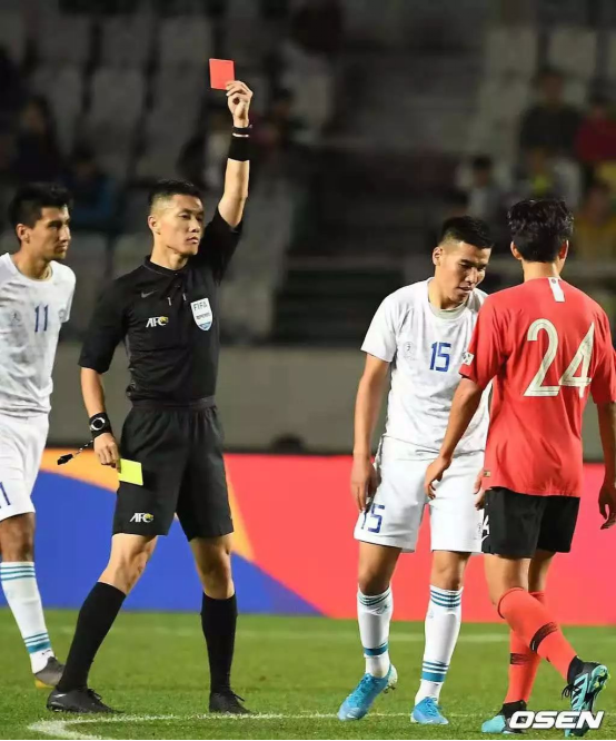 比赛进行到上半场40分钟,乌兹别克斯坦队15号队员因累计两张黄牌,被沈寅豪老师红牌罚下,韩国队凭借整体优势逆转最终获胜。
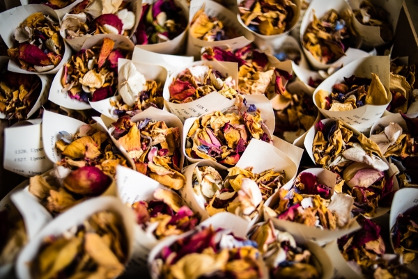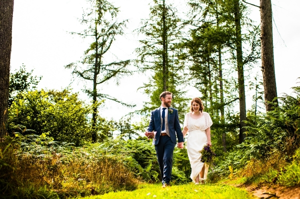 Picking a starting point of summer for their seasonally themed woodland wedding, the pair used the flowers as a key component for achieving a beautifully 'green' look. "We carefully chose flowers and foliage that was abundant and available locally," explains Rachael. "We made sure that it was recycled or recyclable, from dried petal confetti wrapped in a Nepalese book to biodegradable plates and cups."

...

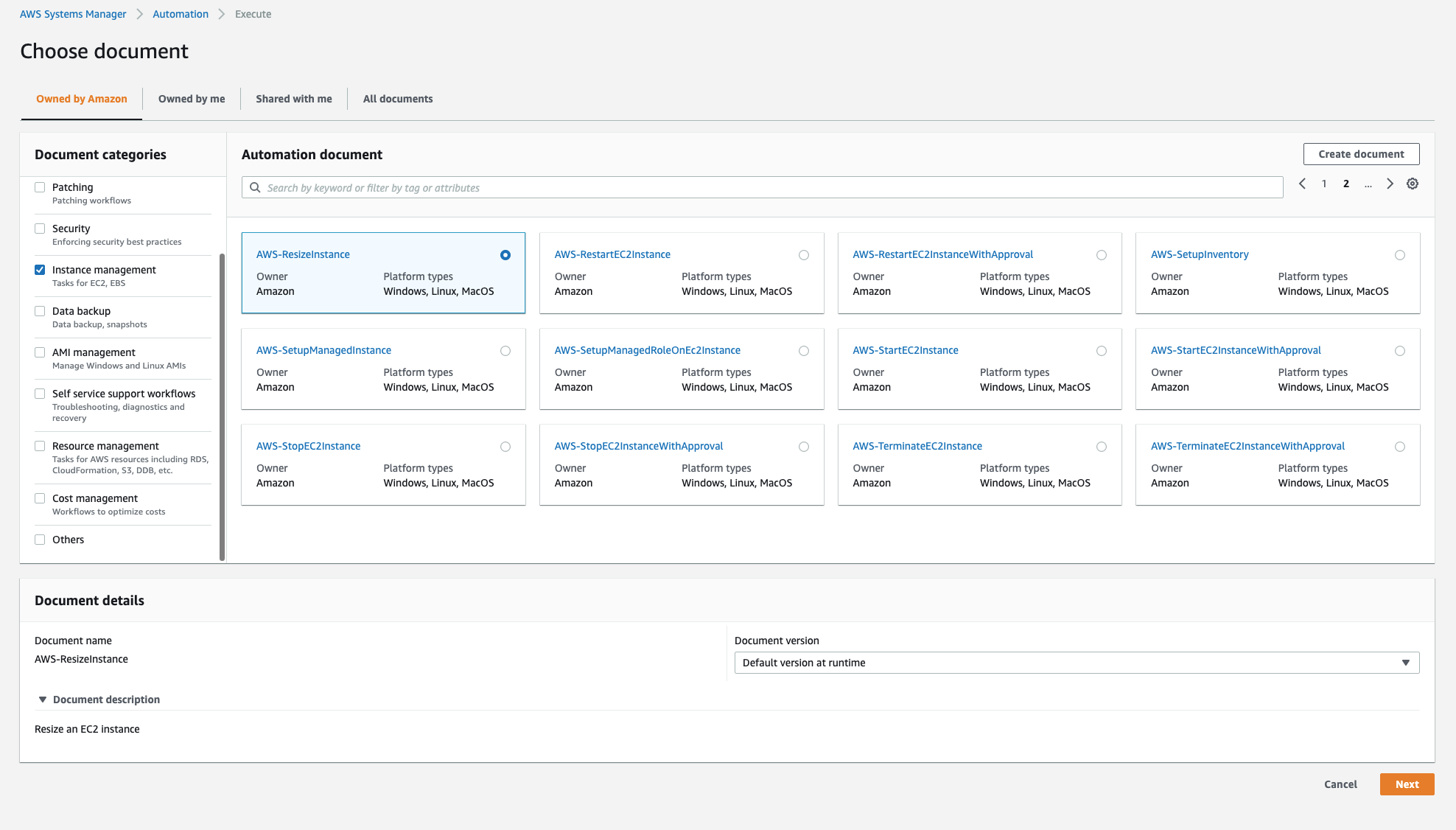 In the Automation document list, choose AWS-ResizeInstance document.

==

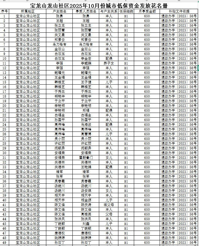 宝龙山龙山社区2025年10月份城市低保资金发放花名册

▸ **The task**: Repeat exactly the stretch of the listing above that starts with the line holding "比赛进行到上半场40分钟,乌" and finishes with the line holding "Picking a starting", both included. Skip every picture.

▸ **Solution for this problem**:
 比赛进行到上半场40分钟,乌兹别克斯坦队15号队员因累计两张黄牌,被沈寅豪老师红牌罚下,韩国队凭借整体优势逆转最终获胜。
 Picking a starting point of summer for their seasonally themed woodland wedding, the pair used the flowers as a key component for achieving a beautifully 'green' look. "We carefully chose flowers and foliage that was abundant and available locally," explains Rachael. "We made sure that it was recycled or recyclable, from dried petal confetti wrapped in a Nepalese book to biodegradable plates and cups."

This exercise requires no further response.